The Dangers of Being a Long Distance Female Runner in the U.S

Some girls eat carrots, cucumbers, and maybe an apple for lunch -- god forbid they eat a cookie. They enumerate every calorie they intake and would never dare pass the limit. But a mindset such as this concerns me; this fixation on being "fit" bleeds into unhealthiness. This pressure burdens various females, but this is especially the case with female long-distance runners.
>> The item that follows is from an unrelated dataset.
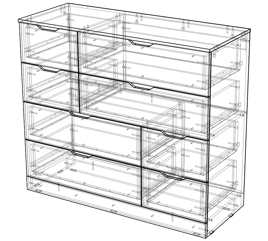 Комод Нордли Nordli 4 с асимметричным расположением ящиков воплощает современные дизайнерские тренды. Выдвижные ящики разных размеров – четыре больших и четыре малых, позволяют разместить как всевозможные мелочи, так и более габаритные вещи. Трапециевидные ручки-вырезы на светлых гладких фасадах необычно выглядят и комфортны в повседневной эксплуатации.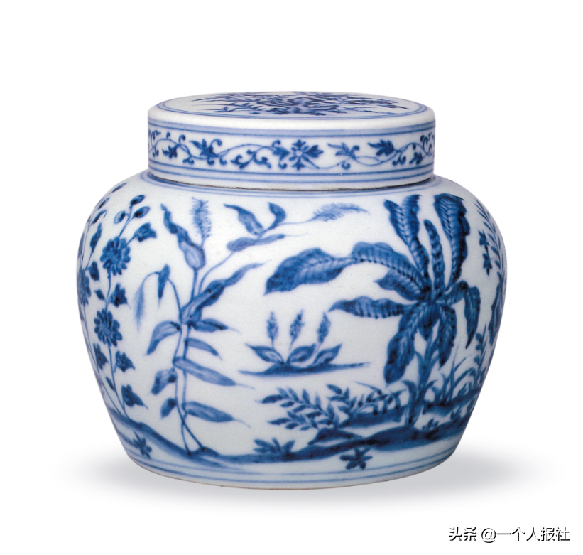 明成化青花山石花卉纹盖罐(无款,盖为后配)

The University of Oregon has a well-known track team. However, it was reported that six female athletes quit the team because they feared not being able to reach/maintain the body fat percentage to appease their coach's standard. However, this pressure hid "under a veil of science," according to Jane Coastan, a New York Times writer. The team used a scan called the DEXA, which measures bone density along with fat percentages. The girls that left cited how the coaches constructed an atmosphere where they bullied their runners into believing that the only way to succeed was to have a low DEXA scan, and you were looked down upon if your DEXA scan increased. So the girls lived in fear of being ridiculed. The coaches said how they used the DEXA metric along with other stats because competitive running is all about statistics, and they justified their mistreatment of the girls by the fact that they wanted them to succeed. Even if that was true, running isn't about coaching robots; it's about developing humans' physical and mental capacity. This fear of being "fat" was exacerbated by girls' need to meet unrealistic societal standards regarding health.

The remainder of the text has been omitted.